Lim Eng Beng 林嚶鳴 (Chinese)

Personal information
- Born: November 10, 1951 Tondo, Manila, Philippines
- Died: December 21, 2015 (aged 64) Manila, Philippines
- Listed height: 5 ft 11 in (1.80 m)
- Listed weight: 175 lb (79 kg)

Career information
- High school: Chiang Kai Shek College (Manila)
- College: De La Salle
- Playing career: 1975–1986
- Position: Guard
- Number: 14 and 17

Career history
- 1975-1976: Concepcion Carrier / Quasar
- 1976–1982: U/Tex Wranglers
- 1982–1983: San Miguel Beermen
- 1984: Crispa Redmanizers
- 1986: Manila Beer Brewmasters

Career highlights
- PBA Hall of Fame (2013); 50 Greatest Players in PBA History (2000 selection); PBA Awarded for Career 5,000 pts mark (1982); PBA Sportsmanship Award (1980); PBA Mythical Five (1978); PBA All-Star Mythical Five (1975); No. 14 jersey retired by De La Salle Green Archers; DLSU Sports Hall of Fame (1998);

= Lim Eng Beng =

Filipino basketball player

Lim Eng Beng (林嚶鳴; November 10, 1951 – December 21, 2015) was a Filipino basketball player who spent twelve seasons in the Philippine Basketball Association (PBA) from 1975-1986.

==Early life==
Lim was born and raised in Tondo, Manila from an impoverished family. When he was 5 or 6 years old, his family stayed in an informal settlement. It was around this time where the young Lim would use his passion in basketball as a means to climb out of hardship and support his family.

==Collegiate career==

Lim played for the De La Salle Green Archers of "Man In White" Coach Valentin Eduque from 1971 to 1974 in the National Collegiate Athletic Association (Philippines). In his rookie year, the Green Archers, led by himself and Mike Bilbao, won the 1971 NCAA men's basketball championship which was De La Salle's first NCAA title in 15 years. Lim, who stood at 5'11 barefoot, was a deadly scorer that could single-handedly changed the complexion of a game. By the time he was a junior in 1973, he was getting various offers from several teams in the Manila Industrial and Commercial Athletic Association. However, Lim opted to stay for one more year upon the proddings of the late Br. Gabriel Connon FSC, the president of De La Salle College, promising that he would be getting something special in return. So for the final time, De La Salle's "Eagle Slayer", suited up for his beloved Green Archers. In his senior year, he averaged 32 points per outing in the 1974 season and set a single-game record for the most points (men's basketball), which is 55 - a record that stands to this day. He was adjudged the Most Popular NCAA Player, was cast into the Mythical Five, received the Sportsmanship Award, and ultimately won the Most Valuable Player (MVP) award. To cap his stellar collegiate career, he steered the Green Archers to the 1974 championship.
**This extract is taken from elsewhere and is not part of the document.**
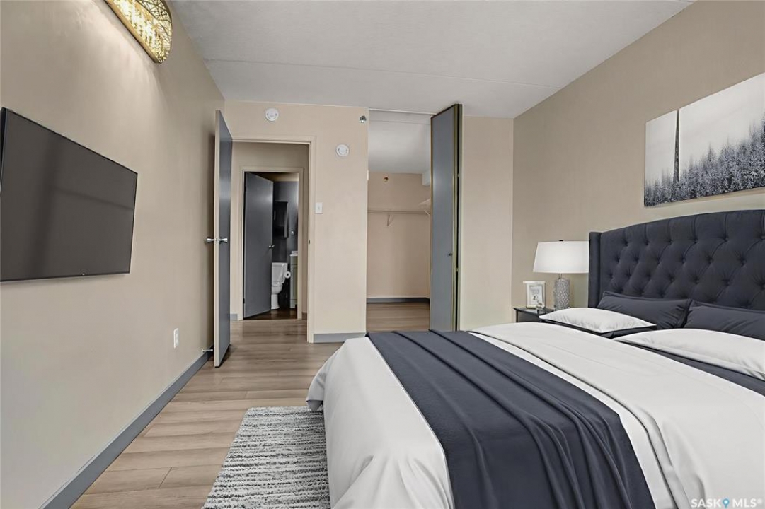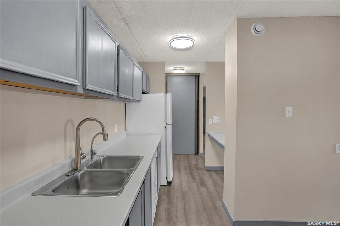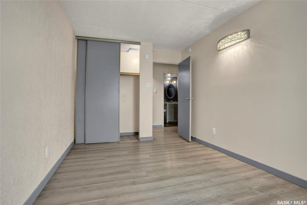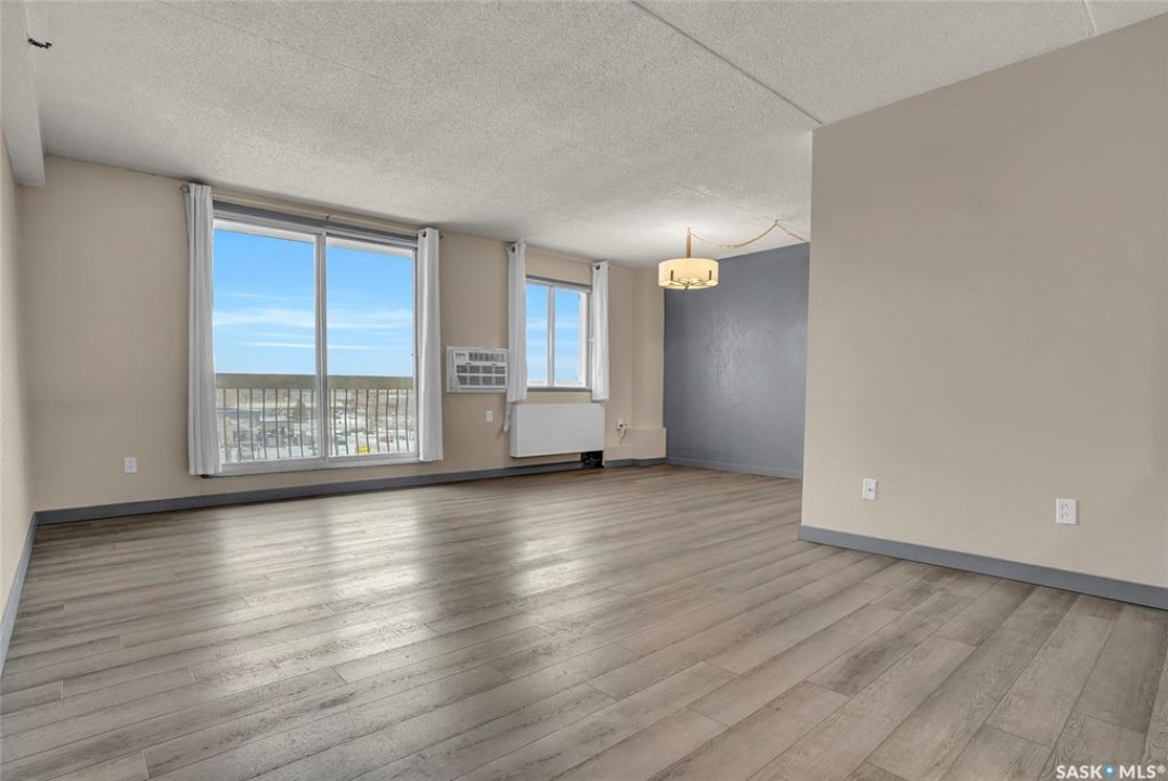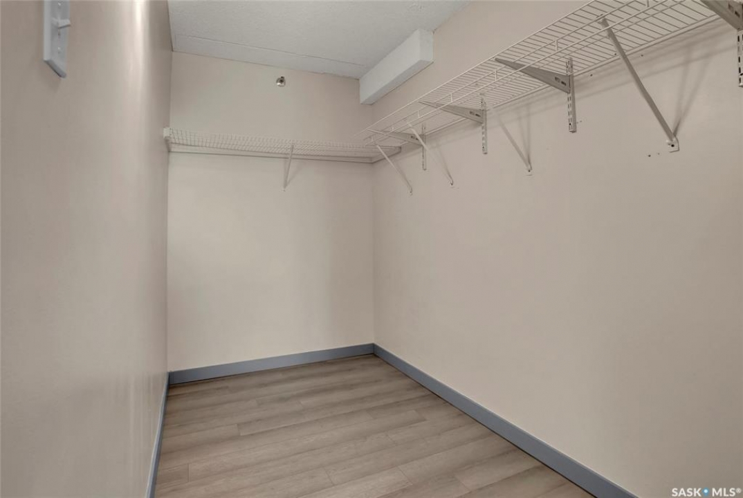 The Atrium Condo Complex, located in a fantastic Southwest area of Regina in Parliament Place is an extremely well-maintained 2 bedroom apartment-style condo that offers both convenience & comfort. Its proximity to shopping, restaurants, & medical clinics makes it an ideal spot for those who enjoy city living. Perfect for 1st time buyers, downsizing & investors. This desirable location & condo complex is constructed from concrete, ensuring security & quietness for all residents. Additionally, it offers various shared spaces such as an amenities room, Atrium lounge on the 2nd floor, an exercise area, visitor parking & common laundry rooms as well is wheelchair accessible w/elevator and underground parking. This unit is situated on the 5th floor and provides great views from its expansive balcony, making it perfect for enjoying summer evenings. Welcome new vinyl floor plank flooring that runs through the unit, creates a seamless connection in the open concept design. The living & formal dining areas enjoy large windows and patio doors to the balcony and are spacious. The dining area opens into the casual dining nook that connects to the galley style kitchen. All appliances are included. The kitchen even has a breakfast bar nook overlooking the living room which adds not only openness but extra workspace. Being one of the larger units in the building, there are 2 bedrooms with the primary bedroom boasting an oversized walk-in closet that offers additional storage space. Completing this unit is a 4pc. bath and a practical storage space which is perfect for pantry items. This condo combines practicality with elegance, making it a desirable choice for anyone looking to enjoy urban living with all the comforts of home in an affordable and prime location. (Some photos for Living, Dining and Bedrooms have been virtually staged to show space and possible furniture arrangements). CLICK ON THE MULTI MEDIA LINK FOR A FULL VISUAL TOUR and call today for a personal tour.

As a reward for winning the 1974 NCAA men's basketball championship, Br. Connon declared that his jersey number, 14, would be retired. In 1998, he was inducted into the DLSAA Sports Hall of Fame.

He claimed to have never missed a free throw during his college career.

==PBA career==
Lim first played for Concepcion-Carrier Weathermakers (known as Quasar TV Makers in the following year) in the PBA's inaugural season.

He was traded to U/Tex Wranglers after the first conference of the 1976 season. As a wrangler, Lim won two PBA championships both in the Open Conference, first in 1978 and again in 1980 with Bogs Adornado as his teammate. After seven seasons with U/Tex from 1976-1982, Lim found himself being traded to San Miguel Beermen for Alex Tan prior to the start of the 1982 Third Conference.

Lim was the Beermen's top scorer in the first two conferences of the 1983 season. He moved to Crispa in his 10th year as a pro, getting an opportunity to play for the winningest ballclub and won a championship with the Redmanizers.

Retiring from the PBA in 1984 after 10 straight seasons, the former Green Archer return to action in the 1986 All-Filipino Conference with Manila Beer and played in all of their nine games. In his disappointing comeback with the Brewmasters, Lim could only sink a dismal eight-of-20 from the floor.

Lim was named as one of the PBA's Greatest Players and inducted into the PBA Hall of Fame in 2013.

===Career highlights===
- PBA Mythical Team (1978)
- Member, PBA 5,000 point club (1982)

==Post-PBA career==
In 1988, Lim became player/coach of AGFA Color in the Philippine Basketball League (PBL) until 1990.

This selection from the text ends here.